[Opening Data extracts section]

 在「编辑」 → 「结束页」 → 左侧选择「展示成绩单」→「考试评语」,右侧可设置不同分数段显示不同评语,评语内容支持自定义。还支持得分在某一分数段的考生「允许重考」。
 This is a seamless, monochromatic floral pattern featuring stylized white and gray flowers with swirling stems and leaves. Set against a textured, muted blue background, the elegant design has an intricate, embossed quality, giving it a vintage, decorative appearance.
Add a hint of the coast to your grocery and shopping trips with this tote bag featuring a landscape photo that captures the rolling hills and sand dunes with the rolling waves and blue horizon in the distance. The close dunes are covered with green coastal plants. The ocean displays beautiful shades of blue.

[Closing Data extracts section]
[Opening Data extracts section]

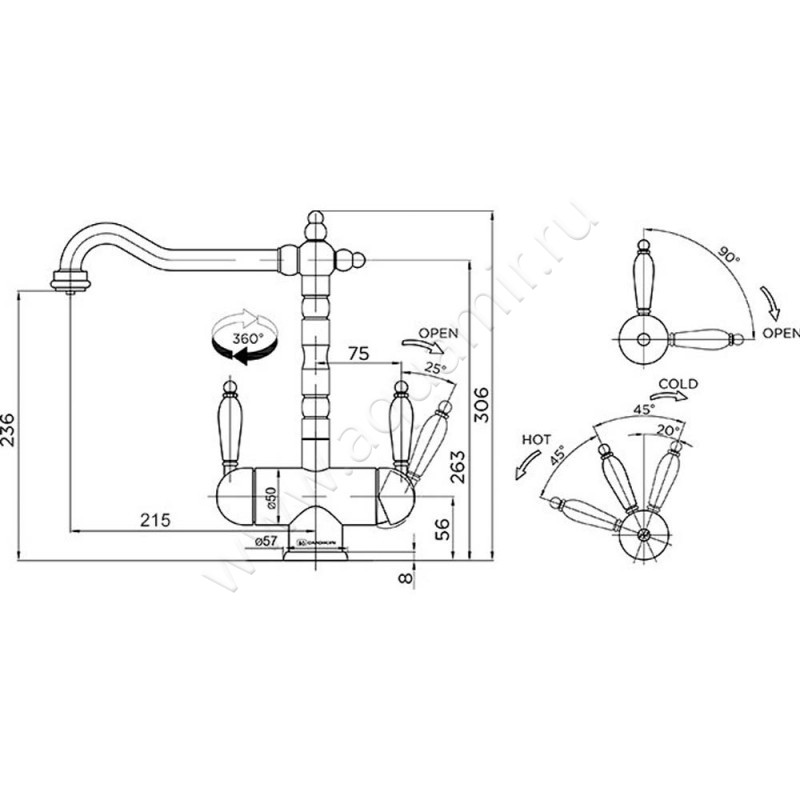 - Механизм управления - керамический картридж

[Closing Data extracts section]
[Opening Data extracts section]

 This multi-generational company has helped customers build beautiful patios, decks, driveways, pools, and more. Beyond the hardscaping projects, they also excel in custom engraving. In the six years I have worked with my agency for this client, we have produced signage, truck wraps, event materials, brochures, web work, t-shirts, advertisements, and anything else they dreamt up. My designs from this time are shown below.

[Closing Data extracts section]

• Work task: Please give back exactly the lines of this listing beginning at the line with "This is a seamless, monochromatic" and ending with the line with "Add a hint of", both included, and nothing else.

• Answer box:
 This is a seamless, monochromatic floral pattern featuring stylized white and gray flowers with swirling stems and leaves. Set against a textured, muted blue background, the elegant design has an intricate, embossed quality, giving it a vintage, decorative appearance.
Add a hint of the coast to your grocery and shopping trips with this tote bag featuring a landscape photo that captures the rolling hills and sand dunes with the rolling waves and blue horizon in the distance. The close dunes are covered with green coastal plants. The ocean displays beautiful shades of blue.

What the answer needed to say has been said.